ENTRIES SHOWN Block Start

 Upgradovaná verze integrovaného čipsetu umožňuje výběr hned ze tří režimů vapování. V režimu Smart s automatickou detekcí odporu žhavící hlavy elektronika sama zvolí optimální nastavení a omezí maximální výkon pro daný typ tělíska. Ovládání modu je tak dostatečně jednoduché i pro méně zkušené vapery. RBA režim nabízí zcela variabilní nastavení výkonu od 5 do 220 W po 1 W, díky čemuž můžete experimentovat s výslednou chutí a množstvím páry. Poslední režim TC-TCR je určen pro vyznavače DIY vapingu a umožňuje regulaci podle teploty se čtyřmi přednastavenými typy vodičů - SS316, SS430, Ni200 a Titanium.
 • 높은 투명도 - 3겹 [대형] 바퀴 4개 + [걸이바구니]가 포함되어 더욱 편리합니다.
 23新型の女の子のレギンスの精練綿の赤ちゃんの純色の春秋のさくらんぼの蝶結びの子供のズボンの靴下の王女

ENTRIES SHOWN Block End
ENTRIES SHOWN Block Start

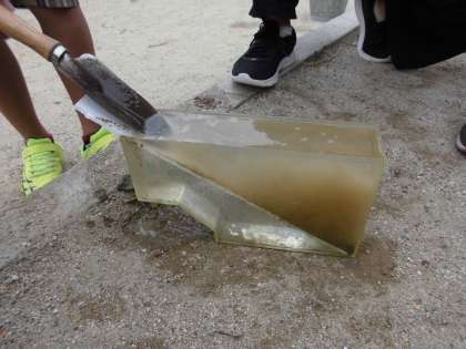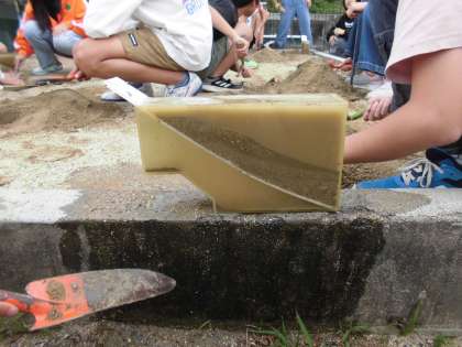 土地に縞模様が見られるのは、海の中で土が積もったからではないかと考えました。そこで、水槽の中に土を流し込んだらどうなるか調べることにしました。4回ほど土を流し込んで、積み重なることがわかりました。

ENTRIES SHOWN Block End

ACTION ITEM> The stretch of entries above that starts with the line containing "포함되어 더욱 편리합니다." and goes on through the line containing "23新型の女の子のレギンスの" is to be transcribed exactly, and no other line is to be transcribed.

TASK ANSWER>
 • 높은 투명도 - 3겹 [대형] 바퀴 4개 + [걸이바구니]가 포함되어 더욱 편리합니다.
 23新型の女の子のレギンスの精練綿の赤ちゃんの純色の春秋のさくらんぼの蝶結びの子供のズボンの靴下の王女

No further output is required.